Page last updated at 15:25 GMT, Thursday, 23 October 2008 16:25 UK

Cameron says Scots could go alone

David Cameron in Glenrothes
Mr Cameron said he was confident the Union would be saved

Tory leader David Cameron has admitted that Scotland could "stand alone" after independence, but said it would be "better off in the United Kingdom".

Mr Cameron was speaking as he visited Glenrothes, in Fife, ahead of next month's by-election.

Elsewhere, the SNP highlighted free bus travel, while Labour pointed to differences between their economic policy and that of the Tories.

The Liberal Democrats accused their rivals of "petty squabbling".

Mr Cameron conceded that his party had little chance of winning the seat, where Labour won a 10,664 majority at the last Westminster election, but pledged to win the fight to save the Union.

I don't think we'd ever succeed in saving the Union by frightening Scots to say you couldn't possibly make it on your own
David Cameron
Tory leader
The Tory leader was the highest-profile political figure to take to the streets of the constituency, where he launched a staunch defence of the Union.

"Of course it is possible that Scotland can stand alone - that is true," he said.

"I just think it would be better off in the United Kingdom. Better off for all of us.

"I don't think we'd ever succeed in saving the Union by frightening Scots to say you couldn't possibly make it on your own.

"That's not the way I approach it. The Union to me is about generosity - we're stronger together because we share so much together."

Mr Cameron said he believed the Conservatives would "win the case" for the Union through "taking a generous attitude rather than a small-minded one".

'Always challenging'

He also vowed to work with the first minister of Scotland if the Tories win power at Westminster.

Mr Cameron added: "I will work with anyone in the Scottish Parliament and administration who wants to further the benefits and conditions for the people of Scotland."

He visited Glenrothes with Tory candidate Maurice Golden and Scottish Tory leader Annabel Goldie, using part of his time to meet local business representatives.

The Glenrothes seat was made vacant by the death of Labour MP John MacDougall. The by-election will take place on 6 November.
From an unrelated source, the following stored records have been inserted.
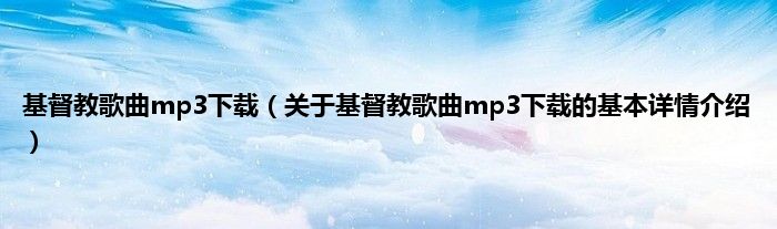 本文关于基督教歌曲mp3下载的基本详情介绍就讲解完毕,希望对大家有所帮助。
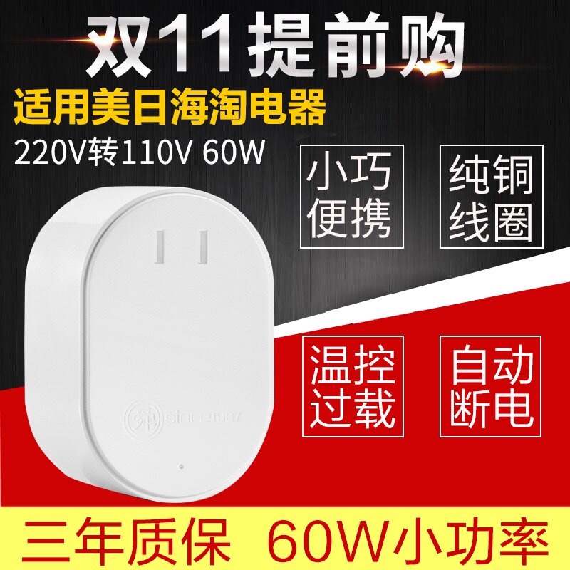 舜红60W变压器220v转110v转220V 日本美国小功率牙刷电源压转换器
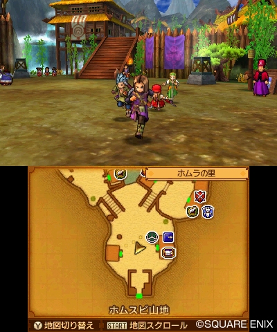 3D and 2D modes, Yocchi Village, and past Dragon Quest worlds.
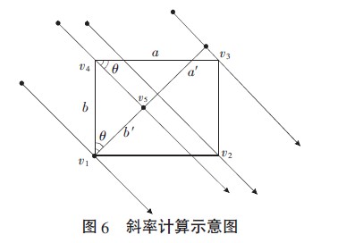 同時(shí)初始設(shè)置時(shí)可以根據(jù)虛擬觸摸屏的長寬和每個(gè)棋盤格在圖像上的投影確定攝像頭拍攝的每個(gè)棋盤格平行光的斜率。放大圖5 中的棋盤格s,得到圖6。假設(shè)攝像頭c1以斜率k平行拍攝由頂點(diǎn)v1、v2、v3、v4組成的棋盤格s,其邊(v4,v3)的長度為a,在圖像平面上的投影(v3,v5)的長度為a′,其邊(v1,v4)的長度為b,在圖像平面的投影(v1,v5)的長度為b′。已知虛擬觸摸屏的長寬,每個(gè)棋盤格的長a 和寬b 分別為其1/n,a′、b′可從拍攝的圖像上獲得,于是從攝像頭拍攝該棋盤格的平行光的斜率k 可由下式獲得:
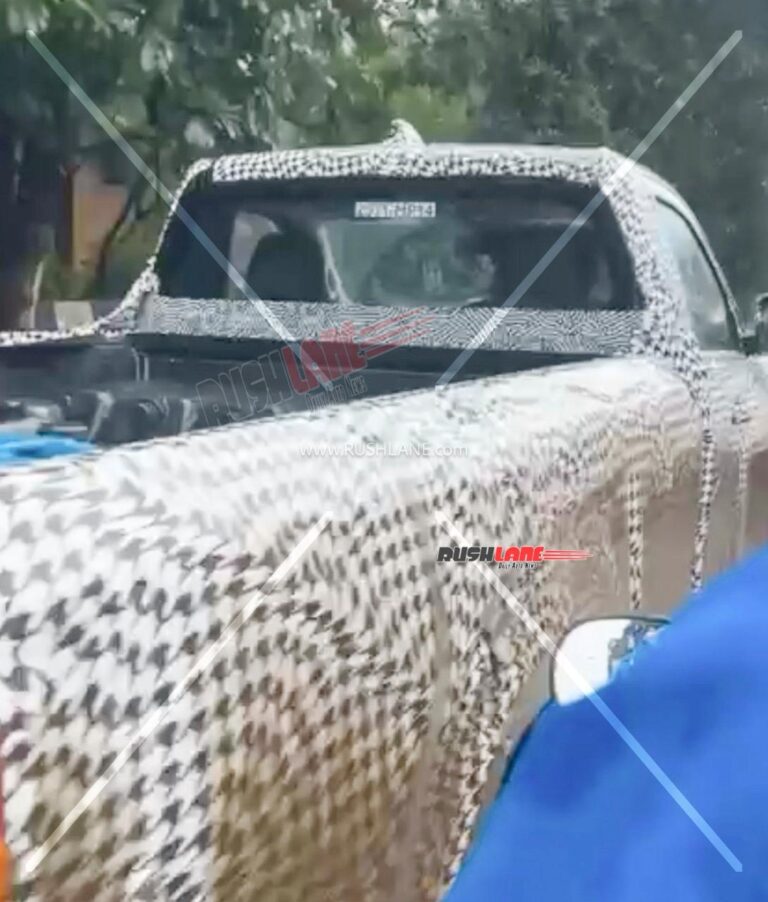 It does look different from the Scorpio N, right down to the front door. The only difference is that the tail and rear wheels have been moved, so the longer wheelbase is needed to accommodate the cargo bed. The rear cargo area has a grab handle in the middle and temporary tail-lights on either side, a look taken from the first generation Scorpio. The production version has a slightly larger shelf, although it can be reduced. Finally, the test mule is seen riding on the same set of alloys as the Scorpio N.
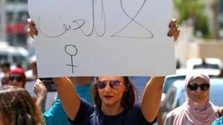A woman is holding a white sign with a black marker drawing of a person and the word 'woman' written in Arabic. She is wearing sunglasses and a blue shirt. In the background, there are several people and cars, with one person wearing a red headscarf. | A woman holds a sign calling for an end to violence | b96441f77de3fa31e35a76ed1bf499418d55b358a30bb7a75d472d94d755081c | 000720961358 | 0 | 0 | 46 | 11 | 0 | 0 | |
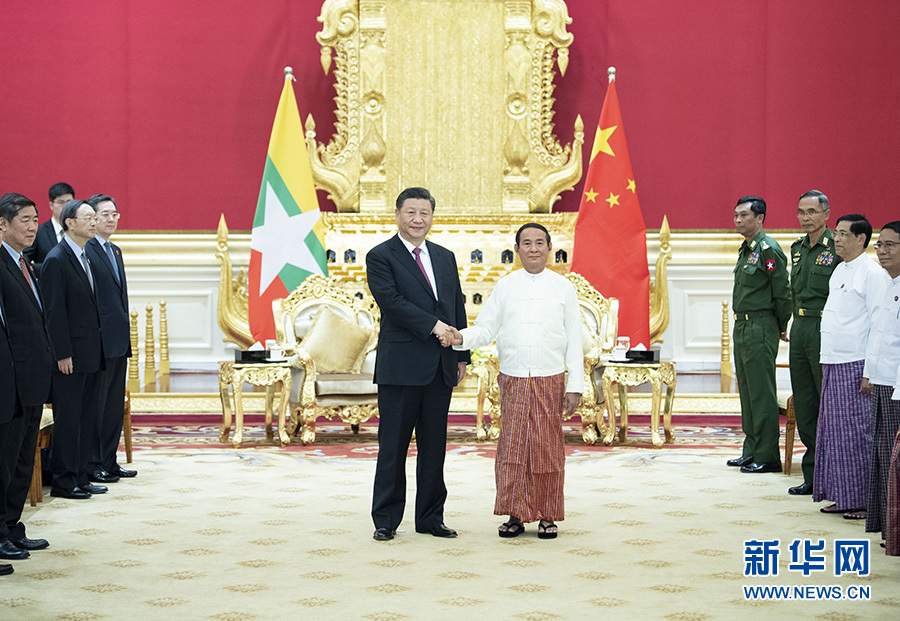 當?shù)貢r間1月17日下午,國家主席習近平在內(nèi)比都同緬甸總統(tǒng)溫敏會談。 新華社記者 饒愛民 攝
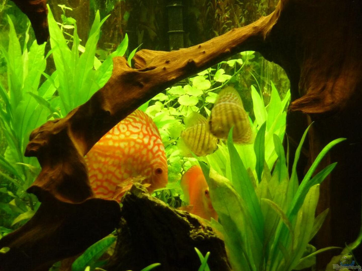 8 Siamesische Rüsselbarben 5 Panda-Panzerwelse 5 Diskusfische, zwei Grö??ere und drei Kleine. Die Grö??eren haben schon wunderschöne Fraben und die Kleineren werden bekommen Farbschläge von rottürkis und blautürkis. Ich verschone euch jedoch mit den einzelnen Farbschlag-Bezeichnungen, da es wahrscheinlich genau so viele Bezeichnungen wie Diskussfische gibt und jeder Züchter wieder eigene Namen vegibt und sowieso ist dass ein unendliches Gewirr aus Farbschlägen wo bald keiner mehr [...]
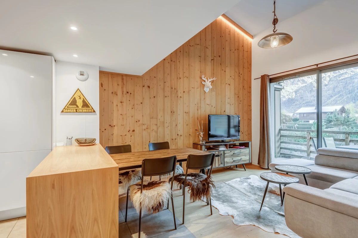 Incredible cocoon in the heart of Chamonix! L'Abri Vallot will seduce you with its location and decoration in a contemporary mountain style! Enjoy a private terrace with a sofa and a view of the glaciers and Mont-Blanc summit! A separate bedroom with a very comfortable double bed (separable into two single beds), a kitchen equipped with all the appliances! The walk-in shower to start a great day!
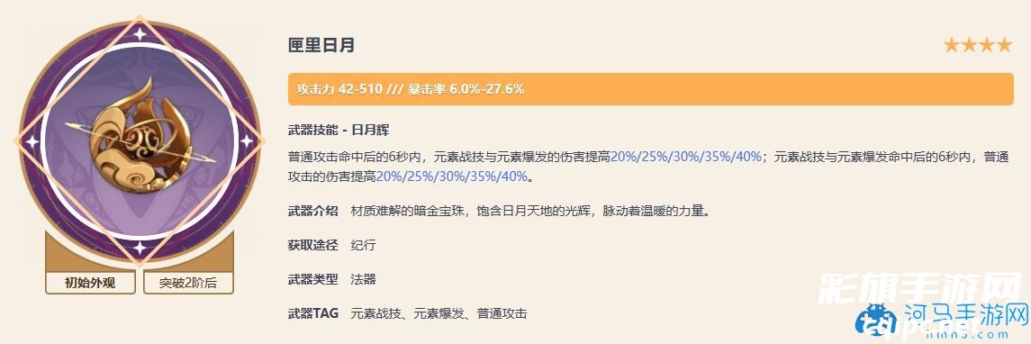 匣里日月就是大月卡法器,这个法器的副词条能够提高角色的爆率,让玩家能够更加轻松的堆出比较高的面板,从而打出较高的伤害。并且技能词条还能够提高玩家普攻和重击的伤害,对于玩家伤害的提升还是很明显的,满精之后甚至能够直接提高40%的普攻以及重击伤害,还是非常值得一带的。
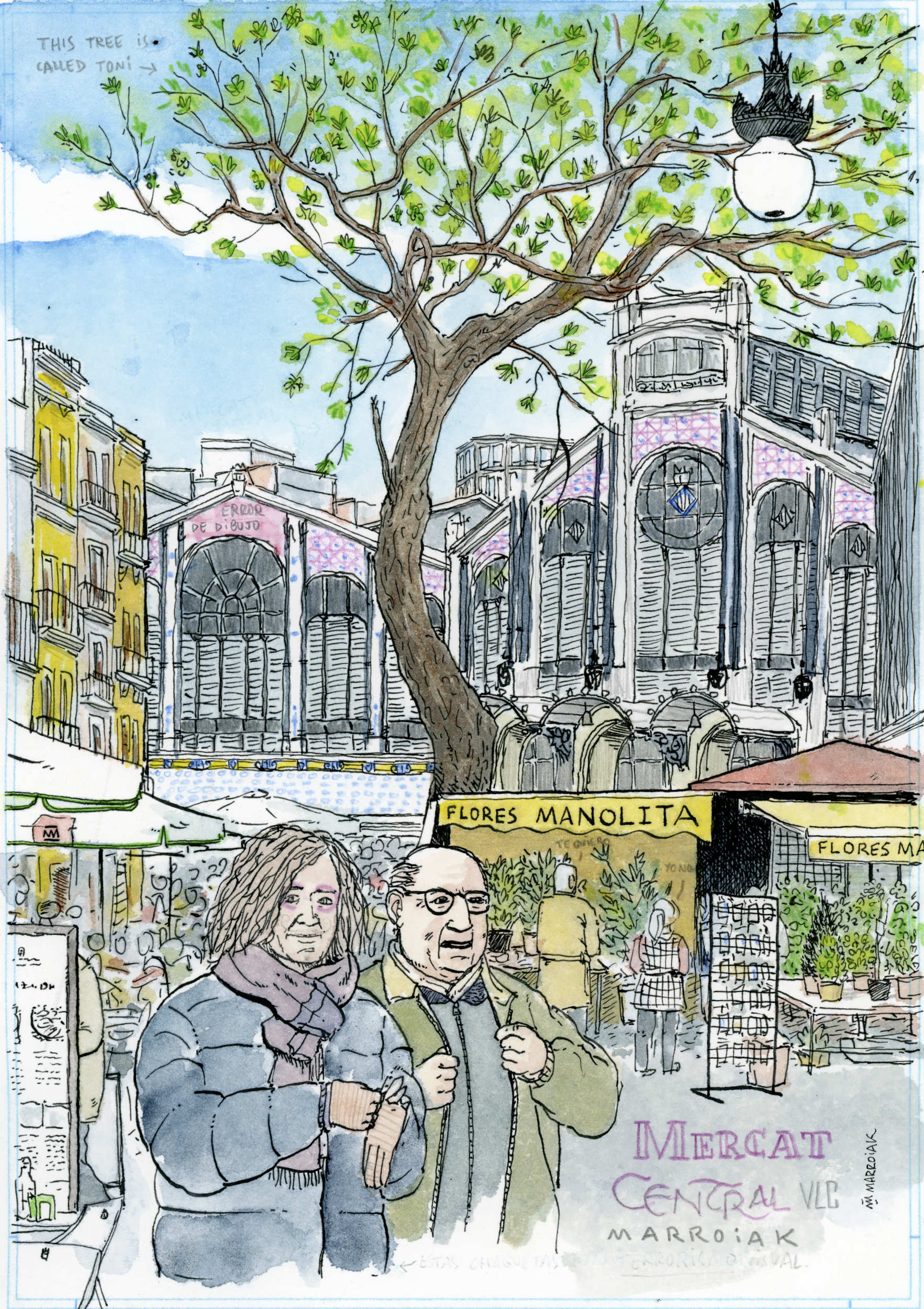 Una acuarela con vistas a la fachada del Mercat Central de Valencia.
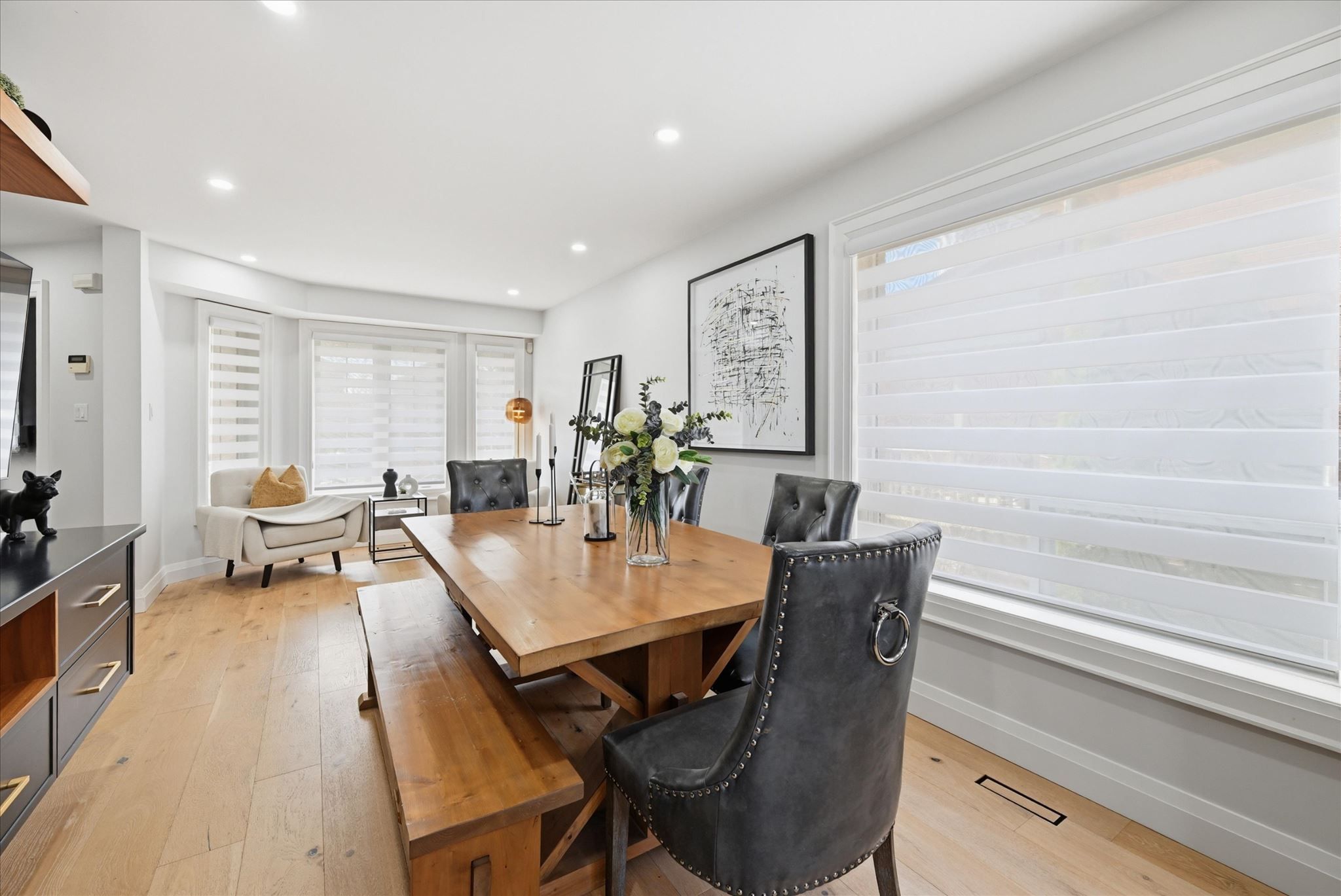 Welcome to 17 fenwick place, located in the highly desirable west waterdown neighbourhood, close to parks, shopping, transit, and major commuter routes. These gorgeous "site lines" enhance this beautifully updated home. Offering 2817 sq ft. 4+1 bedrooms and 2+2 bathrooms, combining style, comfort, and functionality throughout. Freshly painted and tastefully finished, the home features a stunning designer kitchen with neolith mont blanc countertops and backsplash, complemented by custom black and walnut cabinetry. Elegant white oak hardwood flooring flows through the main and upper levels, while the finished basement features durable pergo vinyl flooring. The home also offers modern, spa-inspired bathrooms, multiple walk-in closets, and a convenient laundry/mudroom. Additional highlights include dual shade window coverings, california shutters on the main and lower levels, and thoughtfully designed custom built-ins throughout. The bright, fully finished basement extends the living space with a cozy gas fireplace and a walkout to the backyard. Step outside to a private, fully fenced yard, an entertainer's dream featuring a heated saltwater pool and plenty of space to relax and unwind.

Acknowledging the odds against any Tory success, Mr Cameron said: "As much as I'd like to sweep the board in Scotland at the next election, I know it's always challenging.

"But I will do everything possible to keep the Union together and to make sure that a Conservative government in Westminster, if elected, would act at all times in the interest of the Union and the interest of the Union in Scotland."

The Tory government abandoned pensioners in the last economic downturn and was happy to use unemployment as an economic tool
James Purnell
Work and Pensions Secretary
Asked if his wife would campaign in the town, as Gordon Brown's wife did on Wednesday, Mr Cameron said: "Don't hold your breath."

SNP candidate Peter Grant highlighted free bus travel for the elderly and called on Westminster to bring in a fuel duty regulator to stabilise petrol prices.

"More and more people are using the bus as an alternative to paying high petrol prices," he said.

"While the SNP is expanding free travel services, Labour are looking to increase taxes on those who have to drive."

Labour brought in Work and Pensions Secretary James Purnell to bolster its campaign.

Mr Purnell said: "David Cameron's visit to Scotland today just highlights the stark difference between Labour and the Tories.

"The Tory government abandoned pensioners in the last economic downturn and was happy to use unemployment as an economic tool. We are helping pensioners, and helping people get back to work."

The Liberal Democrat campaign took former party leader Charles Kennedy to a bagpipe manufacturer, JT Shepherd and Son, in Cardenden.

"The SNP are full of hot air and Labour have run out of puff," said candidate Harry Wills.

Mr Kennedy said voters faced a choice between Mr Wills, who he said would "fight for Fife", and Labour and SNP candidates who were "more concerned with petty squabbling".